Dominus canem occidit. (主人が 犬を 殺す)
dominum canis occidit. (主人を 犬が 殺す)
これを見てもわかるように、殺す(occidit)という動詞が最後に来ている。そして行為者には語尾に「s」が、行為を受けるものには「m」がつく。行為者が先頭に来るともきまっていない。
ここで大切なのは「行為者=主語」という認識がなかったということだ。英語で主語を「subject」ということからもわかるように、それはむしろ「従属語」であった。何に従属しているかといえば、述語(動詞)にである。
あくまで文章の中心は「述語」であって、いわゆる「行為者」ではなかった。なぜなら、行為者はあえて言わなくても、「述語」から推測されるからである。行為者がまぎらわしいときに、そこに添えておくというだけの従属的存在でしかなかった。

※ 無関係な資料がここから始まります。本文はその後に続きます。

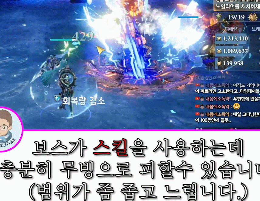 보스 스킬 정통으로 맞으면 꽤 위험할수 있습니다.
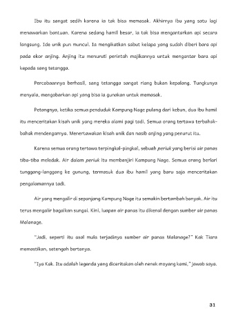 “Jadi, seperti itu asal mula terjadinya sumber air panas Malanage?” Kak Tiara

この状況はまさに「日本語」の場合と同じである。日本語では主語はほとんど書かれない。いわゆる日本語文法は英語式の「主語ー述語」を基本にしているから、これを主語の「省略」という。
しかし、「省略」という言葉はまちがっている。そもそも日本語には「主語」は必要ない。主語がないのが例外ではなく、あるほうが例外だと考えた方が自然なわけだ。こうした「述語中心」の言語表現が、日本語以外の言語でもふつうであった。実のところ、英語でも「述語中心」で「主語」などなかったわけだ。
誤解を招くといけないので一言付け加えよう。「主語がなかった」ということの意味は、「行為者を文の中心だと考える意識がなかった。したがって、行為者をあらわす語(主語)も一般に必要ではなかった」ということである。つまり、行為者を「主」と考える思想が確立されていなかった。
それでは13世紀ごろに、なぜ印欧語、とりわけ英語で行為者をあらわす言葉が「主語」として意識され、文頭に定位置として置かれるようになったのか。ひとつには「ノルマンの征服」ということがあったからだ。抑圧された英国民は単なる奴隷にはならなかった。英語はフランス語に対抗して生き延びた。その過程で、自己主張の強い「主体性」を持った言語として、鋭角的に鍛えられていった。
さらに、そこに十字軍に始まるギリシャ文明の発見がある。ここからルネッサンスが始まる。いうまでもなく、ルネッサンスは神に代わり、人間をその中心の位置におく。人間は神の「従属物」(subject)ではない。人間こそ主人公なわけだ。こうした潮流が、行為者としての人間を「主語」の位置に押し上げた。その過程を見てみよう。
Me thinks there is much reason in his saying. (彼の言葉にもおおいにもっともな理由があるようだ)
これはシェークスピアからの引用だが、「I think」ではなく、「Me think」と書かれている。「Me」というのは「行為者」ではない。「行為を受ける者」であり、文字どおり「subject」なわけだ。これが少し時代が下がると、次のようになった。
It thinks to me that there is 〜
ここで「think」に主語として「It」が立てられている。「SVO」の構造が一般的になったあとでも、「I」を「think」の主体とは考えられなかった。そこで「think」の主語として、とりあえず「It」を置くことにした。同様に、「Me seems」は「It seems to me」である。「思われる」とか「見える」というのは、近代英語でも最後まで「主語」になることに抵抗している。
このように、近代英語では「think」の主体が「I」だとは意識されていなかった。現代英語では胸を張って「I think」と書いているが、「我思う」という断言は少し前までの人間にとって、必ずしも自明のことではなかったわけだ。
私たちが感じたり考えたりするのは、本当に自分の力で行われているのだろうか。もっと大きな力が私たちに働いて、そう感じさせられたり、そう考えさせられたりしているのではないだろうか。多くの人々はそんな風に考えてきたし、われわれ日本人の多くは今でもそう考えている。
私もしばしば「そう思われる」「そう考えられる」というふうに自然に「受動態」を使う。「I think」の世界には「主語」がある。しかし、「Me think」の世界に生きている私たちは、ともすると「自分で考える」という意識が希薄なのかも知れない。英語にかって「主語」がなかった理由、日本語にいまだに「主語」がない理由は、この「主体意識の未形成」ではないかと思われる。